A recent exchange of essays on Bioethics Forum, the Report’s free online service, touches on a question at the heart of the special set of essays in this issue: when would it be appropriate to restrict individual liberty to control aspects of procreation? The Forum essays—by Alice Dreger and jointly by Aaron Greenberg and Michael Bailey—address the prospect of using preimplantation genetic diagnosis to make sure that one’s child is heterosexual. Dreger objects to this use of PGD, mainly on the grounds that if ever fewer people are homosexual, and if a test is in widespread use to select against homosexuality, then those who are homosexual anyway will suffer even worse discrimination than they already do. But ultimately—and reluctantly—she agrees with Greenberg and Bailey that a government ban would be inappropriate. She settles for public opprobrium.

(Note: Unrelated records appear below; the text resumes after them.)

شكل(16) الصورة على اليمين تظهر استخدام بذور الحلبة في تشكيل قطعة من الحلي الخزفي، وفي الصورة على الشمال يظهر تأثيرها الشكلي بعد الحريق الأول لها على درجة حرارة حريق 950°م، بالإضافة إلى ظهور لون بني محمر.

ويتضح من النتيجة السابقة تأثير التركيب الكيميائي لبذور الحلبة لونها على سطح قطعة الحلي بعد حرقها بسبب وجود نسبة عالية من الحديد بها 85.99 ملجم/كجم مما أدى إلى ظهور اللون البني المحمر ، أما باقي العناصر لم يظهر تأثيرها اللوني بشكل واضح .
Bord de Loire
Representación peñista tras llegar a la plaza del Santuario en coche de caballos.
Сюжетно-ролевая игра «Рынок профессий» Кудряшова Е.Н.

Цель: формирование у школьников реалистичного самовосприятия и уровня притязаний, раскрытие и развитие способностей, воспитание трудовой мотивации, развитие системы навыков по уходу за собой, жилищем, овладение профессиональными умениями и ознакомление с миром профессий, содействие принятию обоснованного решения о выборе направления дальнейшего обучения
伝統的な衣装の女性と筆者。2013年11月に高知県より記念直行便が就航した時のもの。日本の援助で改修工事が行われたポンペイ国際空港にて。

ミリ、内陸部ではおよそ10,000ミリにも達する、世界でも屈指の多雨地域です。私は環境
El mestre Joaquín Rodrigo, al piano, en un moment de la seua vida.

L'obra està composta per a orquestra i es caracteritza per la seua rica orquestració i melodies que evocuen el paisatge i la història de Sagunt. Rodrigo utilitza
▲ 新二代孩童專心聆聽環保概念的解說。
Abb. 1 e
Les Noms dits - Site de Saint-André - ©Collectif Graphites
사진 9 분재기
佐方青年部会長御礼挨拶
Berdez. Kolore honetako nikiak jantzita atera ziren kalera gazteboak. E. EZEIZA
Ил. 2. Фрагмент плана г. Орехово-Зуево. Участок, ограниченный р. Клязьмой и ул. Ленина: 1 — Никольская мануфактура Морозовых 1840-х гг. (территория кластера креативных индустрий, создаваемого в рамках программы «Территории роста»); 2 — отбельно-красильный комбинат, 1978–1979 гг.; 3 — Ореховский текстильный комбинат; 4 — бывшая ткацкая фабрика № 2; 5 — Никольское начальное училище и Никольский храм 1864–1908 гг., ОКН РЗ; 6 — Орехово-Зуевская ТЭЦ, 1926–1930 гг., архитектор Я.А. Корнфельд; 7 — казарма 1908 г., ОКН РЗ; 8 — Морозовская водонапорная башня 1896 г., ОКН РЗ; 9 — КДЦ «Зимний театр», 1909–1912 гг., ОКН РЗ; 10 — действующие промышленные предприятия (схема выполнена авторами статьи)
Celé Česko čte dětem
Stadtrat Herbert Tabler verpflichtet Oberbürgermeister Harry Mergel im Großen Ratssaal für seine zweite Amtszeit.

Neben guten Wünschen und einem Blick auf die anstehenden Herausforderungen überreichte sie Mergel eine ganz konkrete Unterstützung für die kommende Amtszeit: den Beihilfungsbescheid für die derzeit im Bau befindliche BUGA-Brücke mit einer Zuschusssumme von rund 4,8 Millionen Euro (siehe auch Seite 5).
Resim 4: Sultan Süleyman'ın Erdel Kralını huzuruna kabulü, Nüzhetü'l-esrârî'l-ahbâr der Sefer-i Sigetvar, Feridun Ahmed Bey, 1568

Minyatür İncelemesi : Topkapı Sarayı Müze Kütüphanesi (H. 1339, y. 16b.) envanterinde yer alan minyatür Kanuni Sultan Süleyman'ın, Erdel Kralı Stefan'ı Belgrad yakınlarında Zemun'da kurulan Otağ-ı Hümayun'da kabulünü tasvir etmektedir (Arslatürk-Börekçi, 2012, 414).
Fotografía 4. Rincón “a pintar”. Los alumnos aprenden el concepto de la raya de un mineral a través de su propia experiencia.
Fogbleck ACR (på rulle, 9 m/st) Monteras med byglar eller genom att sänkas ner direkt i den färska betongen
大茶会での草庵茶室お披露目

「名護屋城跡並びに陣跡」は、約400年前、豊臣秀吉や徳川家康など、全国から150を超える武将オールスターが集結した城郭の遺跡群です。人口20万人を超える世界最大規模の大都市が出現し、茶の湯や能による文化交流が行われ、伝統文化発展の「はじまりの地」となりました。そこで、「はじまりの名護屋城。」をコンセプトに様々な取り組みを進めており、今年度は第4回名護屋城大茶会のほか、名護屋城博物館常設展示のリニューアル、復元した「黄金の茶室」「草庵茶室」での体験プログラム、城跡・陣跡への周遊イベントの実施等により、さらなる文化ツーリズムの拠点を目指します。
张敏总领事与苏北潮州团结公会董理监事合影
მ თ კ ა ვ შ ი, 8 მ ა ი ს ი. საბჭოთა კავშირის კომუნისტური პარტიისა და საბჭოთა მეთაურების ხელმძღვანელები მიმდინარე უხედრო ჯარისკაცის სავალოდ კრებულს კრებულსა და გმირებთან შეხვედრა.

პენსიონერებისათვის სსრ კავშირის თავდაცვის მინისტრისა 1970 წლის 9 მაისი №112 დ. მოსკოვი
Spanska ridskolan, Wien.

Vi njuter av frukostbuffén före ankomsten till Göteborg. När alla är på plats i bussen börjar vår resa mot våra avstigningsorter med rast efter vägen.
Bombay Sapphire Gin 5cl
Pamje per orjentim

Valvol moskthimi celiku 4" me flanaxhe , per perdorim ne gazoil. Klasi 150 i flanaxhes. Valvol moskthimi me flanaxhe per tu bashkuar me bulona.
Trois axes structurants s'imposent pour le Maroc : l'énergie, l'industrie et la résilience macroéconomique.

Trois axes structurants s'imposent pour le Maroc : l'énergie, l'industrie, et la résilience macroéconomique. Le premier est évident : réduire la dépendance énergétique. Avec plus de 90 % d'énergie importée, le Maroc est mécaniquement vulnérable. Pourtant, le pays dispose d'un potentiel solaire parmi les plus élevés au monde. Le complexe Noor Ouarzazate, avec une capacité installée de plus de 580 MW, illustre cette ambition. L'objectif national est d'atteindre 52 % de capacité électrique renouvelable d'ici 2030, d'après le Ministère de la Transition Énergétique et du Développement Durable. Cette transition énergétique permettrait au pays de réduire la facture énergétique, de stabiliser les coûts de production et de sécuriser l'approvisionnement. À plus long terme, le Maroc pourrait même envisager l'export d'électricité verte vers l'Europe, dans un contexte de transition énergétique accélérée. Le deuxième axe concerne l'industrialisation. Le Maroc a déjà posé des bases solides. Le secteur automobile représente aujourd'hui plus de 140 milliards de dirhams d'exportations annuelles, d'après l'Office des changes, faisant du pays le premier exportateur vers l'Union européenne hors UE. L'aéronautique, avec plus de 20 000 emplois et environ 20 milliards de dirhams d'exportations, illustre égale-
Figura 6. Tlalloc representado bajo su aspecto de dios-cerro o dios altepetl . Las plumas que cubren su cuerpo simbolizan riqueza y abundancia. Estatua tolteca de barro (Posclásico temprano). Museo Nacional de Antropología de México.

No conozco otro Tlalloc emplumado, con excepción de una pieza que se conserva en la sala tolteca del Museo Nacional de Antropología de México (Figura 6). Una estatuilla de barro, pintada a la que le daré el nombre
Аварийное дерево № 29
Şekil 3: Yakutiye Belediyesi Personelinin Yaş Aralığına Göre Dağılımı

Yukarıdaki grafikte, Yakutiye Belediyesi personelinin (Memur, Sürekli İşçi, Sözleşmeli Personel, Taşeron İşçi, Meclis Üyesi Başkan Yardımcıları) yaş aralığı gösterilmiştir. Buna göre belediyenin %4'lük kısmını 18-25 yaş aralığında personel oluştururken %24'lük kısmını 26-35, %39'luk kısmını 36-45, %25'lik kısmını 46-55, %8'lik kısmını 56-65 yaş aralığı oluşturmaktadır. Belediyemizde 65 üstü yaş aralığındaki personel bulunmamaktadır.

What would it take to justify a restriction on an important liberty? This question is one of several at play in the essays in this issue on regulating reprogenetic technologies—technologies, that is, that bring together the fields of assisted reproduction and genetics to help parents make decisions not only about whether and when to have children, but also about what kind of children to have. In the lead essay of the set, Franco Furger and Francis Fukuyama argue for a strategy that has no precedent in the United States but is modeled on the approach used in the United Kingdom (and is similar to a proposal advanced by Hastings scholars Erik Parens and Lori Knowles in a special report in this journal in 2003). They call for a new federal entity that would be buffered from politics and provide “flexible and dynamic” regulation explicitly grounded in ethical principles and guided by “a robust procedure of public consultation.” The four commentaries accompanying their essay offer contrasting views of various aspects of the proposal—three about the proposed regulatory process, and one about a substantive issue that Furger and Fukuyama believe merits liberty-restricting regulation.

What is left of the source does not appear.